Pictures excluded, return the lines below from the first through the line holding "主面料成分的含量 | 47 |".

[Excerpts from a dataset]
|---|
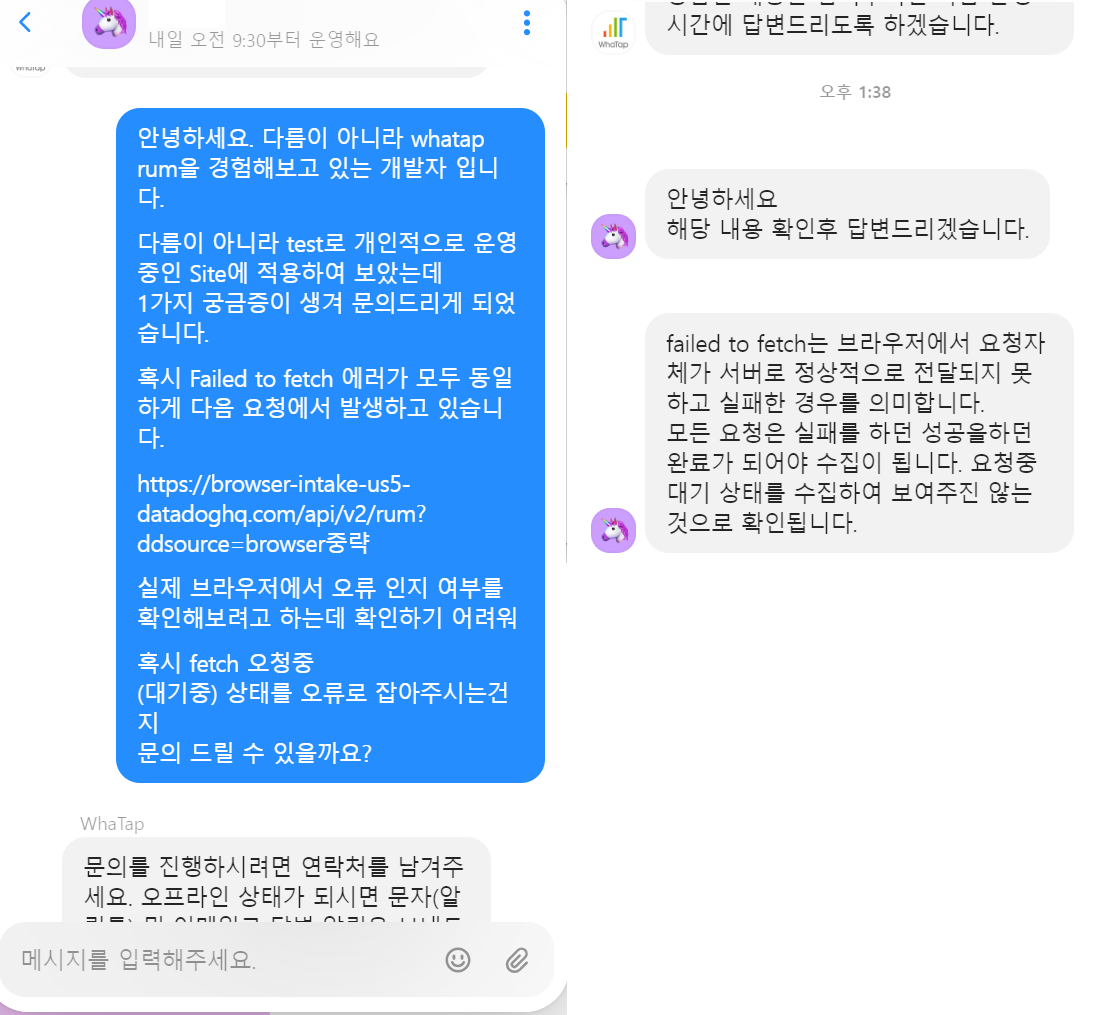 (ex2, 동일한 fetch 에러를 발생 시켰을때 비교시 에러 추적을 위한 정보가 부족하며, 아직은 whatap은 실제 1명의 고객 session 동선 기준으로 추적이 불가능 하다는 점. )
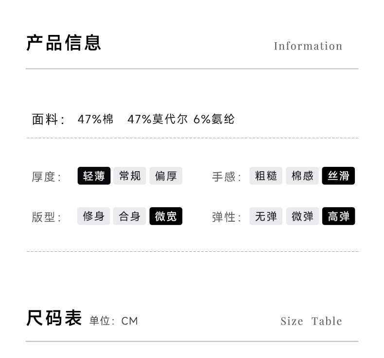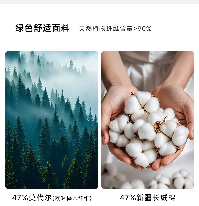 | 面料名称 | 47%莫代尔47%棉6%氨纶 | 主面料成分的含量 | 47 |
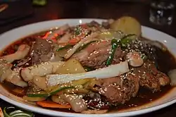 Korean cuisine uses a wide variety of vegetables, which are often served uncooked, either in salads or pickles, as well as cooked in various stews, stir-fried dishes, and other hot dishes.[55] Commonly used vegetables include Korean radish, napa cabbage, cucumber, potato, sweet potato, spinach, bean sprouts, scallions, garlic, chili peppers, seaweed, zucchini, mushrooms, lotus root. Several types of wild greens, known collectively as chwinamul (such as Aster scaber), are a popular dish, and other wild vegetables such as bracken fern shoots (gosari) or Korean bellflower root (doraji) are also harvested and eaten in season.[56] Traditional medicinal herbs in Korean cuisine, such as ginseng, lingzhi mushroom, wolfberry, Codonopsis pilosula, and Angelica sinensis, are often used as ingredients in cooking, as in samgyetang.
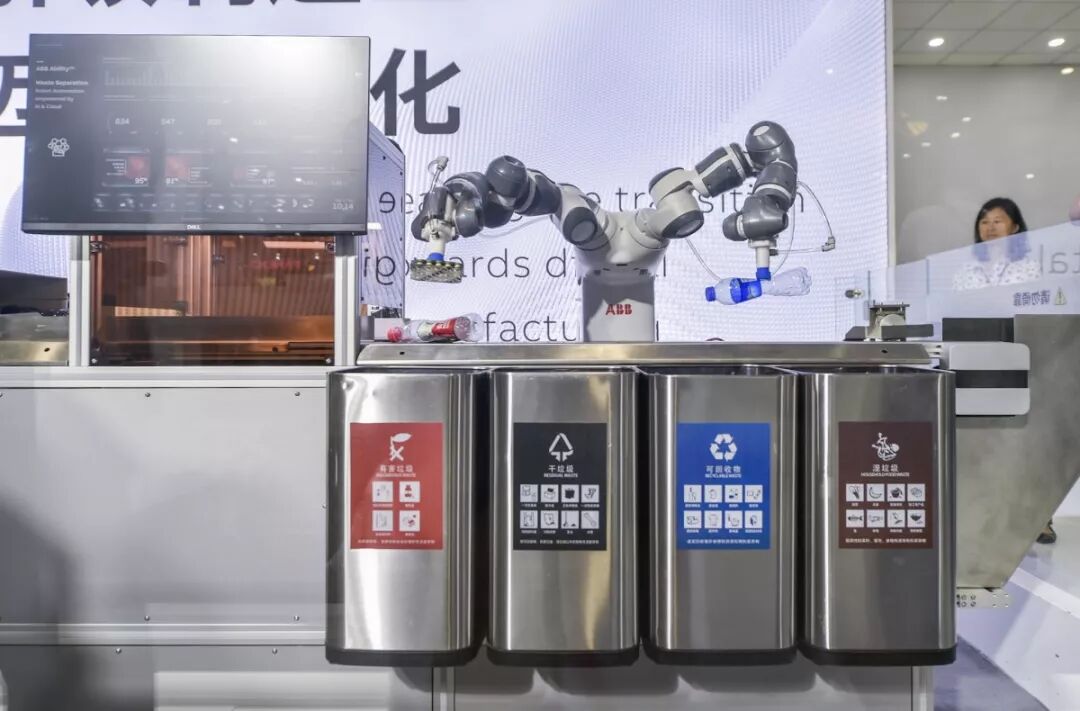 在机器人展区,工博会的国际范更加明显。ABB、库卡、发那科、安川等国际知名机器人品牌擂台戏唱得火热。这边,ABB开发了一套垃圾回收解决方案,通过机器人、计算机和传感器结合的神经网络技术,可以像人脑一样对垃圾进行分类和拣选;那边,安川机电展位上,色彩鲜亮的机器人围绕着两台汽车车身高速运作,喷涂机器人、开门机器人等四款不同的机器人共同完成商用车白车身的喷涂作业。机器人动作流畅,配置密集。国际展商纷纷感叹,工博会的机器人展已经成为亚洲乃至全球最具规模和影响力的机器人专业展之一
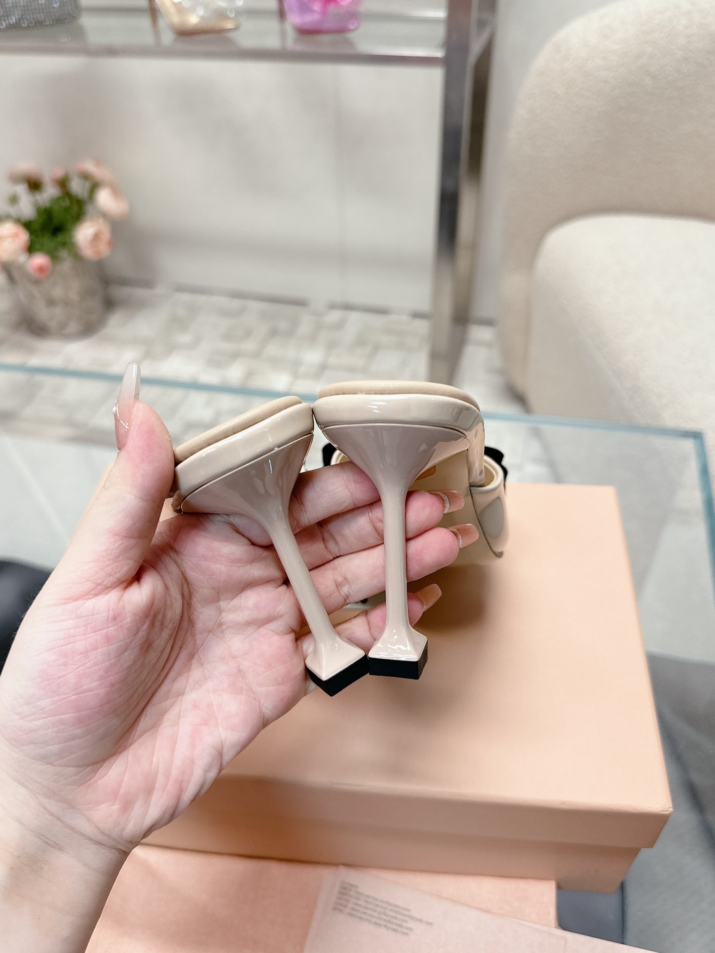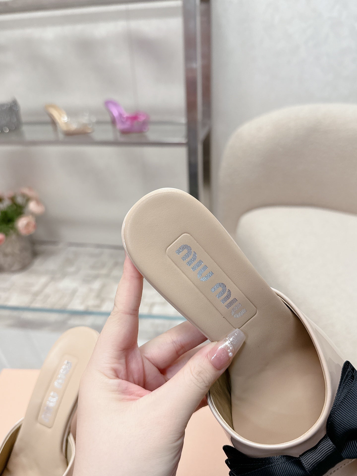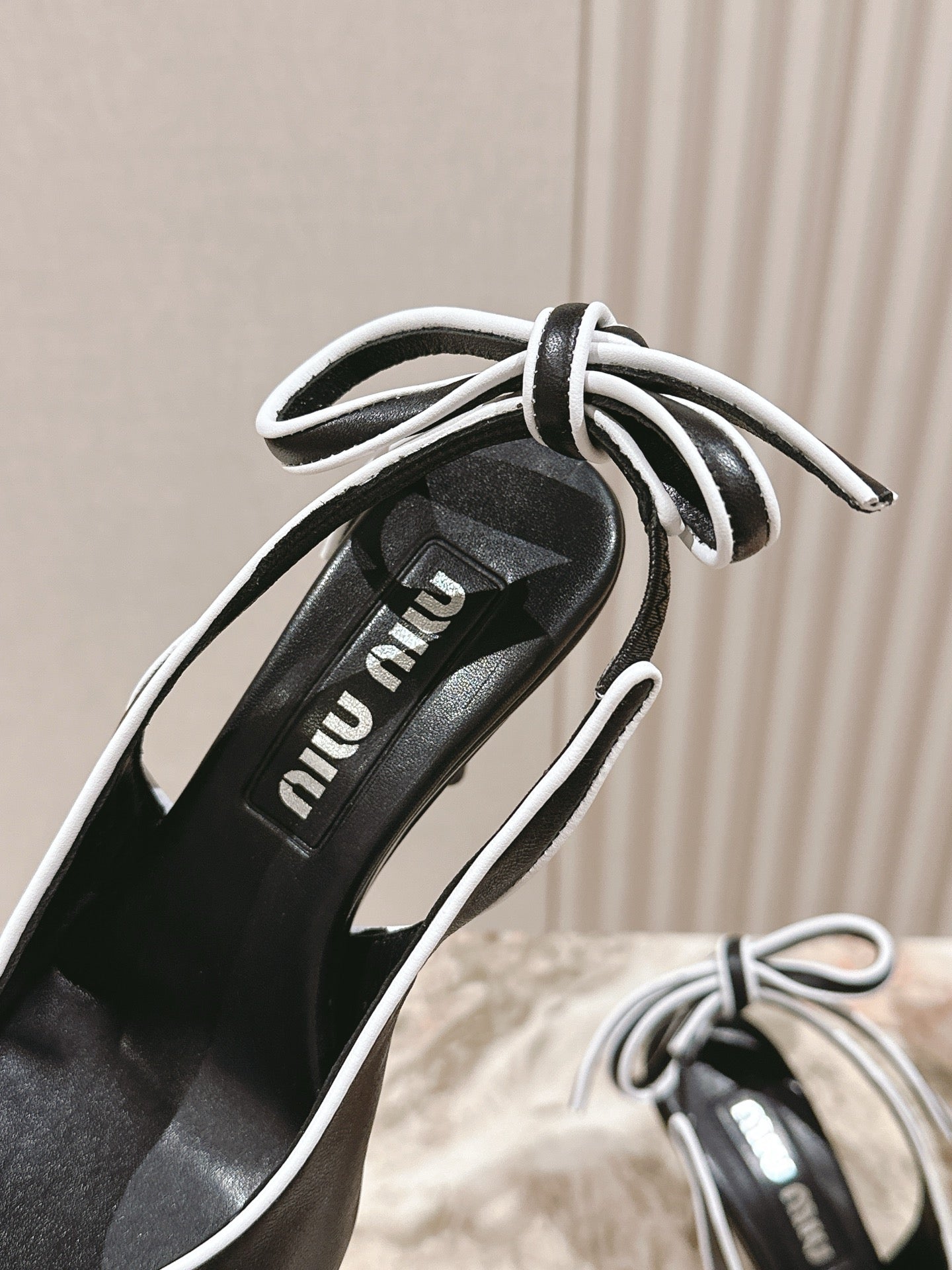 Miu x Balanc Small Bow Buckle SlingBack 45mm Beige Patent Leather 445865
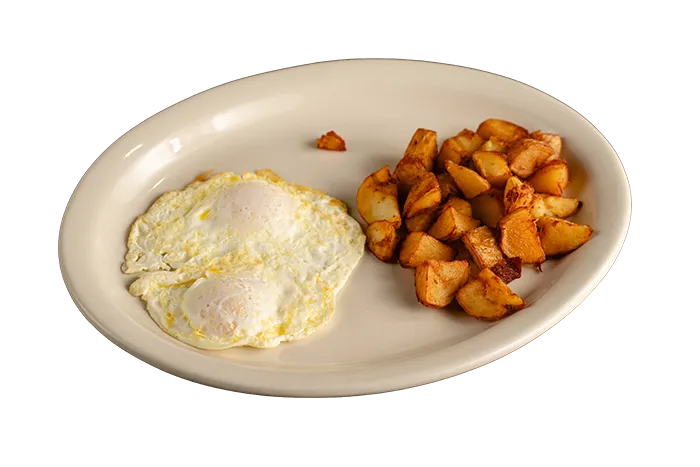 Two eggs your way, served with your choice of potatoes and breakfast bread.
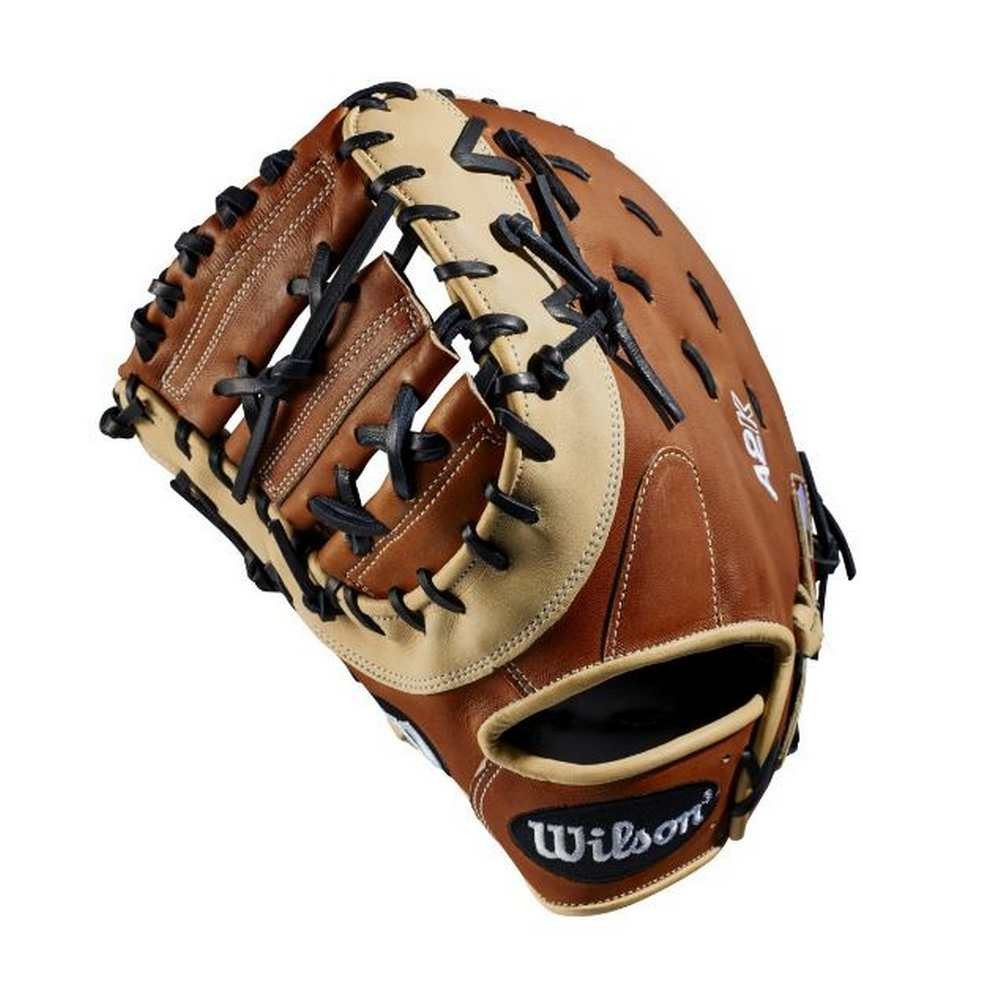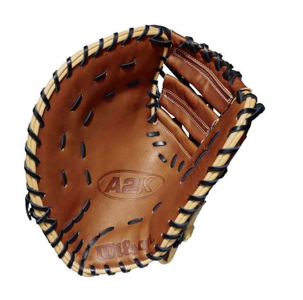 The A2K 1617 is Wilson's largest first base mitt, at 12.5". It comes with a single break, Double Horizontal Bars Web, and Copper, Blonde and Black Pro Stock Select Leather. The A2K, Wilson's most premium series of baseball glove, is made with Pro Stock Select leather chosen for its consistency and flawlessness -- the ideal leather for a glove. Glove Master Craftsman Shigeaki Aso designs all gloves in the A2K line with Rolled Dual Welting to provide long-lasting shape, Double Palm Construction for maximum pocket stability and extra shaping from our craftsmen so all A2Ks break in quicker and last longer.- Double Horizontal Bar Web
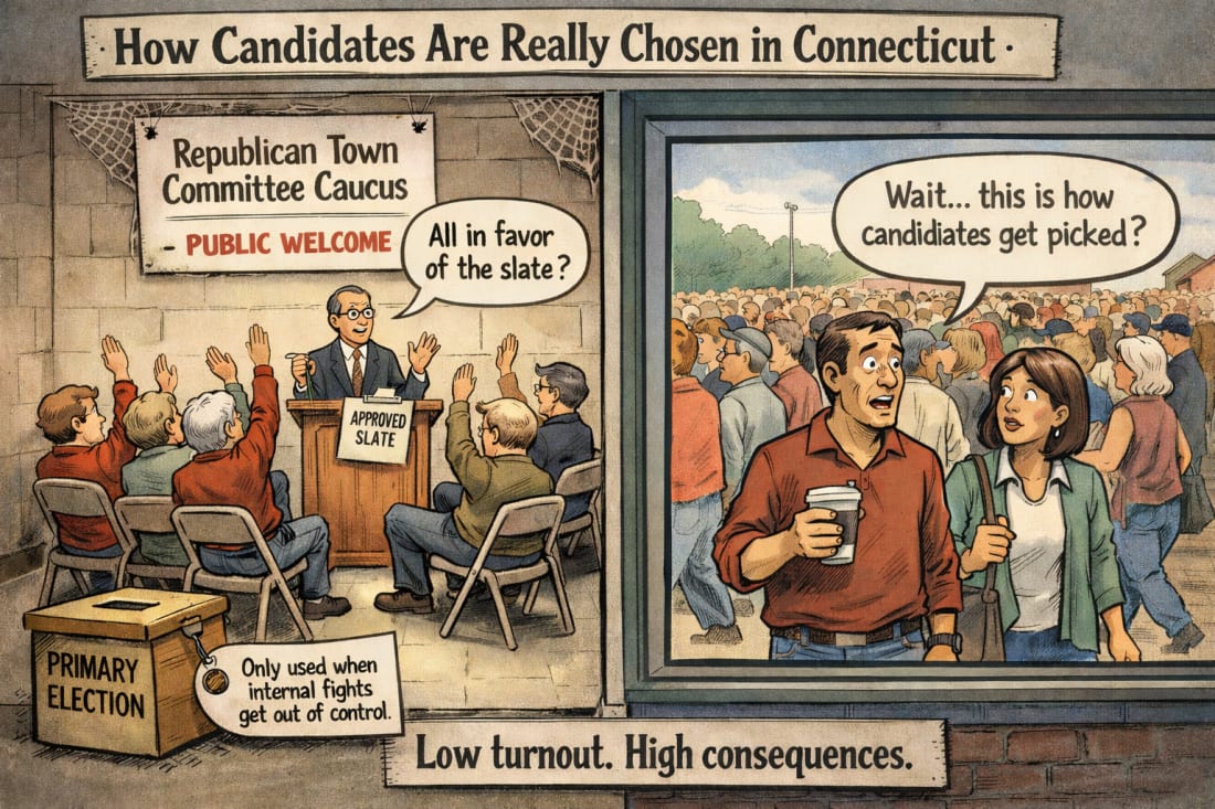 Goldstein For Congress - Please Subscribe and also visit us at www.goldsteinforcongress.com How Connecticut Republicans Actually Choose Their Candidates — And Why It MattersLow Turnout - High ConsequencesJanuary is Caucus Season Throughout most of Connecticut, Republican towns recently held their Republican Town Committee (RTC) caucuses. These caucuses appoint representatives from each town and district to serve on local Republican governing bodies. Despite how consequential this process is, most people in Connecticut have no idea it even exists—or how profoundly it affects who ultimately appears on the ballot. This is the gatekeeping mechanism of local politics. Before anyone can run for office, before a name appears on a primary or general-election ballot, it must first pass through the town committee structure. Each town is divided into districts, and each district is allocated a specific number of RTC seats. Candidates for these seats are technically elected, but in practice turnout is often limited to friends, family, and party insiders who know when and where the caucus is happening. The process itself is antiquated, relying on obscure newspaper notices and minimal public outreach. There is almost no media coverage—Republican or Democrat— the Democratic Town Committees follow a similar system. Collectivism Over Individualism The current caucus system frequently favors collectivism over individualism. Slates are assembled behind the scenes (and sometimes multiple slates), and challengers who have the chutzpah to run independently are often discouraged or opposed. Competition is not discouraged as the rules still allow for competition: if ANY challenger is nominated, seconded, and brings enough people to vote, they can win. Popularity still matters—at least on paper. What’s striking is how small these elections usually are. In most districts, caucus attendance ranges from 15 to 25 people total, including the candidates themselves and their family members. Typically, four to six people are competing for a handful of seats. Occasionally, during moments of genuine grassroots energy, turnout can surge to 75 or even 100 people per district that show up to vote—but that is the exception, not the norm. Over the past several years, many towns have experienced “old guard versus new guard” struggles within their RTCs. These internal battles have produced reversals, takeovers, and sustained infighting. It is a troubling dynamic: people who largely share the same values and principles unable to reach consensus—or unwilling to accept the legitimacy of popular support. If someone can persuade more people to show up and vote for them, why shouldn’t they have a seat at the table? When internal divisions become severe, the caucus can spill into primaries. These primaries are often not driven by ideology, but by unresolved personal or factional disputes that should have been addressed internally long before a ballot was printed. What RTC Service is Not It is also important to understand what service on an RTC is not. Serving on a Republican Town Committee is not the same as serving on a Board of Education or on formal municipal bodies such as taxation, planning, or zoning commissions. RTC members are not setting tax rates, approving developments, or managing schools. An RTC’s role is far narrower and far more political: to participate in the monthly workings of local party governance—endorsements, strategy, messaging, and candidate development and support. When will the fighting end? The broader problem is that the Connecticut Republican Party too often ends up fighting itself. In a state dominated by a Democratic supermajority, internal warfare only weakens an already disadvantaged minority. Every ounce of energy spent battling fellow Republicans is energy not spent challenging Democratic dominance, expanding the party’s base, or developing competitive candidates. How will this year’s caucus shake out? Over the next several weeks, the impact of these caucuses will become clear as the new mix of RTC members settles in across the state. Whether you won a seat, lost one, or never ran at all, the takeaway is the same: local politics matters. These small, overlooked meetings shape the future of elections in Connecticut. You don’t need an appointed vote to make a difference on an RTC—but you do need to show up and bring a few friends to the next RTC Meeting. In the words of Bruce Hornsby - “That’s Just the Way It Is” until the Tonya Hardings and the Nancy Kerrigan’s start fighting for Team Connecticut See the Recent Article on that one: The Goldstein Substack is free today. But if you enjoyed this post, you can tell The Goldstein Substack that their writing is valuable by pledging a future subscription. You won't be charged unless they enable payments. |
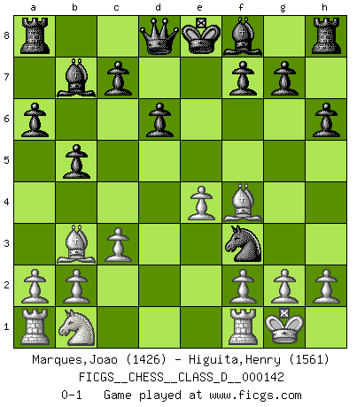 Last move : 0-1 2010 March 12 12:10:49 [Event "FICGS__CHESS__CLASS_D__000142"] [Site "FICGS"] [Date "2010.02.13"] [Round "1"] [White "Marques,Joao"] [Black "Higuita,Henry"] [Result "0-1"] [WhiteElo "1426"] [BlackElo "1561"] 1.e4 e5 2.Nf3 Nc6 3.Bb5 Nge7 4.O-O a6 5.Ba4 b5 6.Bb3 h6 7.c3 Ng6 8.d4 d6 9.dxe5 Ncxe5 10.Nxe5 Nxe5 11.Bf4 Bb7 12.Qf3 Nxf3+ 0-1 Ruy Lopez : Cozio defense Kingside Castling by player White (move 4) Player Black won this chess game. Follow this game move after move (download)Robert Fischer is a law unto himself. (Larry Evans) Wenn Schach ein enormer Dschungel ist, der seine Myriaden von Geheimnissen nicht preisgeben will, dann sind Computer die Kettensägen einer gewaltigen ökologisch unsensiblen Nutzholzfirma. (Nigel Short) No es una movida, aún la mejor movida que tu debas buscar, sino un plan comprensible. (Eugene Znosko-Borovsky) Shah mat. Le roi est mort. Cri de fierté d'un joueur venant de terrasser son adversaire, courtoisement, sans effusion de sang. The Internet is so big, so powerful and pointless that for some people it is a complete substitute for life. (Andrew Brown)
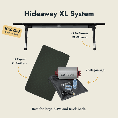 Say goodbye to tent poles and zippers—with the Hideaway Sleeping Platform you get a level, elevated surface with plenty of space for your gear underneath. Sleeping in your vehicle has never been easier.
|---|
ANSWER BOX:
 (ex2, 동일한 fetch 에러를 발생 시켰을때 비교시 에러 추적을 위한 정보가 부족하며, 아직은 whatap은 실제 1명의 고객 session 동선 기준으로 추적이 불가능 하다는 점. )
 | 面料名称 | 47%莫代尔47%棉6%氨纶 | 主面料成分的含量 | 47 |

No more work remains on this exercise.